1 Introduction

Traditional human–computer interaction (HCI) studies have considered the users as rational individuals who can discard all their emotional selves to interact efficiently and rationally with computers. However, more and more psychology and technology researchers have held a different view that emotion plays a critical role in every human–computer-related activity [1,2,3]. Nevertheless, not only can HCI itself induce users’ different emotional states, but also environmental characteristics can convey emotional information (e.g., pleasant sounds make users feel pleasant). Researchers have found that emotional information from the surrounding environment can affect our basic cognitive activities, such as early visual perception [4], and high-level cognitive processing, such as problem solving [5], sentence understanding [6], purchase decisions [7]. The extensive influences of emotional information on cognitive activities imply that our common HCI behaviors can also be affected by emotion, because HCI activities involve different kinds of simple and complex cognitive processes. Taking web searching as an example, when individuals search for information online, they first have to detect the information, identify it, and then select the related information. Researchers have found that information selection results can be largely affected by the emotional contexts [8]. For example, under negative emotional contexts individuals were more likely to perceive the negative information [9]. Nevertheless, it is still unclear whether such modulation effect could occur in the initial stage (e.g. information detection) of the searching process. Hence, in the present study we adopted three cognitive experiments to test how emotional information from the surrounding environment affecting information detection performances.

2 Related Research

2.1 Emotion Classification

Emotions are the response mechanism by which individuals give proper answers to external inputs and internal changes. Some researchers believe there are six basic emotions—fear, anger, sadness, joy, disgust, and surprise—that are shared by all humans [10]. Psychologists and neuroscientists have explored many methods to test whether different types of emotion, such as fear or happiness, are processed identically, but the results are rather inconsistent [11,12,13]. Some studies found that negative information, e.g., fear or anger, receives better processing than neutral or happy emotions [11, 14], while others supported the superiority of happiness [12].

In contrast to basic-emotion classification, researchers have described emotions with different dimensions or scales, such as valence and arousal [15]. Emotional valence refers to the extent to which the stimuli can be considered as positive or negative, and arousal corresponds to the intensity of the stimuli. Generally, emotional valence decides the direction of human behavior either going forward or withdrawing, and the arousal level may strengthen that behavior. Researchers have proposed that emotional processing is a bimodal process [16], and sounds and pictures can evoke the same emotional responses. Therefore, in the present study, whether emotional contexts created by sounds or pictures can have the same influences on the information-detecting process was tested.

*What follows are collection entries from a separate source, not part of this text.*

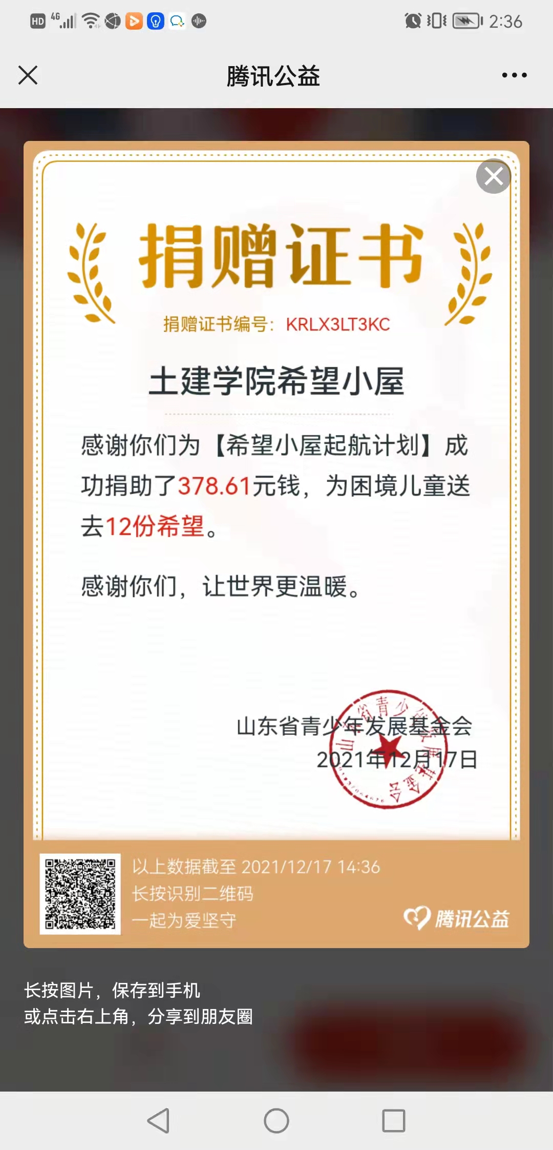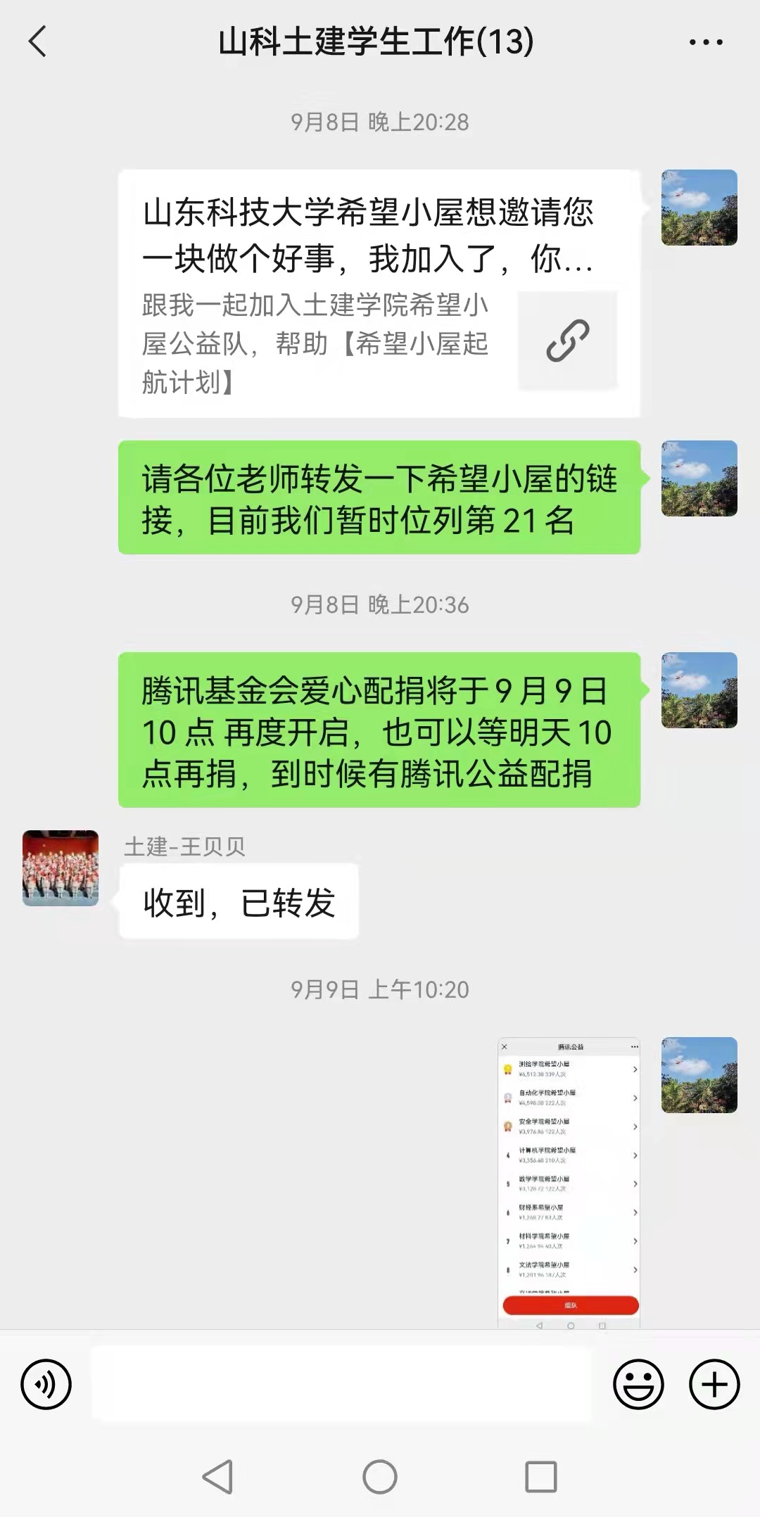 学院上下迅速行动,对师生进行深入动员,利用微信、QQ等媒介大力进行宣传,营造了“凝聚爱心、助力公益”的良好氛围。从9月9日开始,师生踊跃使用手机进行线上捐款,并转发宣传,带动身边更多的人参与活动。“送人玫瑰,手有余香”,在参与捐赠的同时,大家也深深感受到了帮助他人后收获的温暖。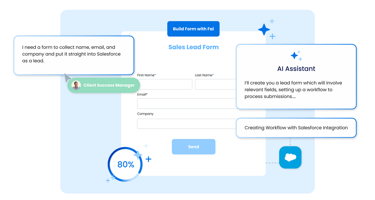 FormAssembly | N/A | FormAssembly is an enterprise data collection and automation platform that enables organizations to capture clean, compliant data from the start. With the latest edition of the platform, FormAssembly Atlas, and its built-in AI assistant, Fai, forms and workflows build themselves, connect to Salesforce and other systems in just a few clicks, and ensure every record is structured, secure, and ready for automation or AI. In short, FormAssembly is designed to eliminate the manual work of… | $59 per month | |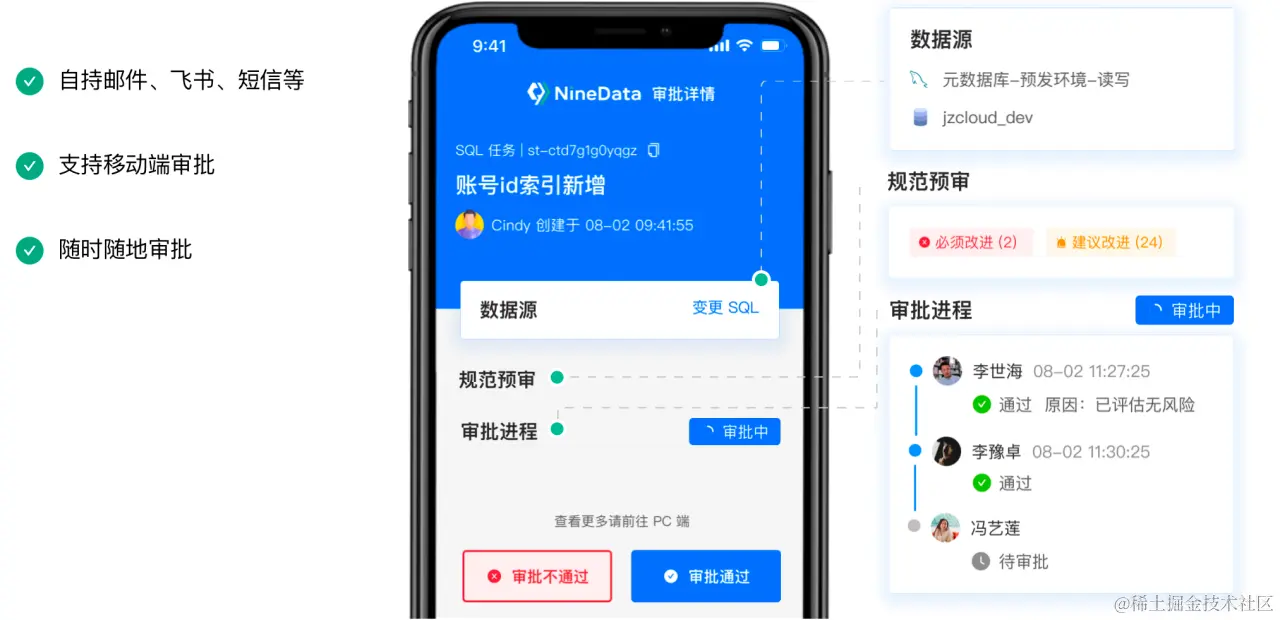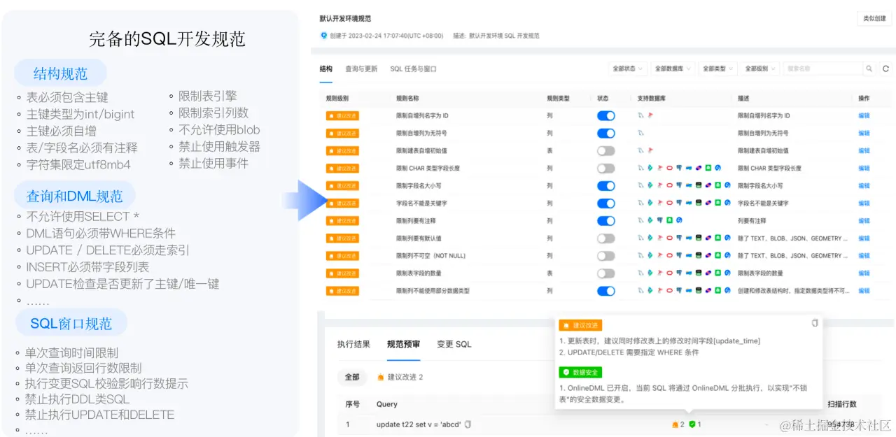 数据库是存储关键信息、支持业务运营和分析决策的基石。然而,数据库的复杂性——研发效率低、安全管控难、变更不稳定、数据管控难,和对其稳定性、安全性的极高要求同样使得它们成为企业 IT 结构中的一个脆弱环节。通过数据库规范的建设,NineData平台目前已支持100+规范,覆盖60种数据源,已审核800万 SQL,实现3万条 SQL 1秒审核完。详细的实践方法和细节,请参阅文章正文。

2.2 Emotion Affects Information Processing

Emotion affects information processing in myriad ways. Researchers found that emotion information itself can affect the time we get access to it [17, 18]. For example, researchers found that emotional information with a highly negative valence, e.g., a fear face, can be detected more quickly than information with neutral or positive valence [18]. Similar findings were found when individuals were required to search for a fear face from a number of neutral or happy faces [13]. Researchers have explained the above phenomenon with a threat superiority theory, according to which threat-related information is important for surviving and, thus, has the priority to get processed. Moreover, studies have further indicated that an emotional stimulus can affect the processing of information presented shortly afterward [4]. For example, researchers applied a rapid serial visual presentation (RSVP) paradigm and found that, when an emotional stimulus was presented as a distractor, the target that followed the emotional stimulus could hardly be detected [19]. Such impairments in information processing performance were also found in information identification or recognition tasks [20, 21] and even existed when the emotional stimulus had no relationship to the task goals [19]. The reason researchers gave for such impairments was that not enough attention could be allocated to subsequently presented targets, because attention were first captured by the emotional stimuli presented before. However, how emotional contexts affect information detection when visual information is presented briefly and without much attention required has received little attention.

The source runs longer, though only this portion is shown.